На «Брусках» никто о нем не пожалел… Только Клуня, скрываясь по темным углам, тихо, придавленно выла… Выло и Широкое, далеко разнося весть об аресте… А когда Илья Гурьянов, Никита, Маркел Быков, Митька Спирин вернулись из суда и привезли весть о том, что Барма и Яшка за превышение власти, за избиение крестьян во время хлебозаготовок присуждены к высшей мере наказания – к расстрелу, широковцы охнули, попрятались по избам, точно этот приговор лег на них, и шепотом, сторонкой, передавали то, что было на суде.

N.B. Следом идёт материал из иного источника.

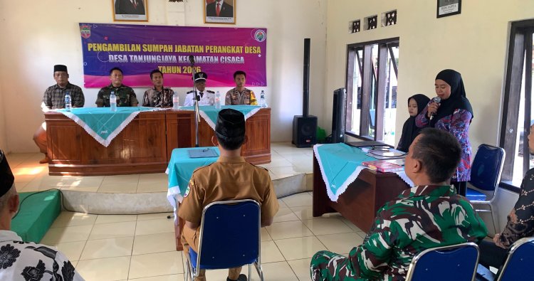 Saat itu, Aipda Ali Mukti hadir mewakili Kapolsek Cisaga AKP Misman Asep Zaenal, S.Sos., untuk menyaksikan prosesi pelantikan Kepala Urusan Tata Usaha dan Umum. Sementara prosesi pelantikan dan pengambilan sumpah janji jabatan ini dipimpin langsung oleh Camat Cisaga dan dihadiri oleh sejumlah unsur pimpinan tingkat Desa Tanjungjaya serta elemen masyarakat Desa Tanjungjaya.

Илья Максимович в это время лежал в передней комнате, растирал широкими ладонями поясницу, бока, голову. Услыхав о решении суда, он, несмотря на сильную боль во всем теле, выбрался на улицу и раздраженно заколотил в рамы окон.
– Приговор. Приговор надо писать – просить советскую власть помиловать. Смиловаться. Со всяким такое могет быть…
На Плакущева налетел Никита Гурьянов:
– Да ты что? Угорел, что ль? Помиловать? – и зашипел с хрипотой: – Бешеных собак надо колом по башке, а ты – помиловать!
– Глупой! Ой, глупой, – оборвал его Плакущев, морщась от боли. – Ты думаешь, так вот я бы за бешеную собаку и поднялся… Нет, сейчас лежать бы мне… А ты то пойми – сотрут ведь… За каждого по улице уничтожат… Это подумай…
– А-а-а…
– Вот те и «а-а»!
И Никита метнулся по порядку, сшибая по пути вороха пухлого снега, требуя от мужиков приговора… Мужики пятились, хмурились, но к вечеру, сбитые Плакущевым, Гурьяновым, Захаром Катаевым, дали свои подписи под прошением во ВЦИК.
В тот же вечер привезли из больницы Стешу. Вез ее Иван Штыркин. Старательно кутая шубой ее ноги, он без умолку говорил, посвистывал, запевал песенку, старался выкинуть какую-нибудь шутку, но у него выходило все нескладно, тупо.
– Скорее, Иван Петрович.
– Как ты сказала? Иван Петрович? Сроду меня никто так не звал. Раз только в милицию я по пьяному делу попал, так там милиционер, маленький такой, а усы саженные, после всего прочего и говорит: «Ну, Иван Петрович, иди-ка, садись вот сюда в кутузку»… Ты что, ты что опять сморщилась?… Аль плохо? Ну, пошел, пошел, буланый…
Стеша бледная, повялая, как ошпаренная ветка вишенника, – смотрела в одну сторонку, при встрече с коммунарами отворачивалась: боялась, как бы по глазам они не узнали, что было с ней в избе у старухи Чанцевой.
– Господи, – шептала она, чувствуя пустоту этого слова, и содрогалась, вспоминая разостланную дерюгу, длинные пальцы старухи, а в пальцах узкий отрезок от подошвы резиновой калоши, – Умереть бы уж… умереть, – она дрожала от стыда и тянулась к Аннушке: – Аннушка! Вот она, моя зацепочка…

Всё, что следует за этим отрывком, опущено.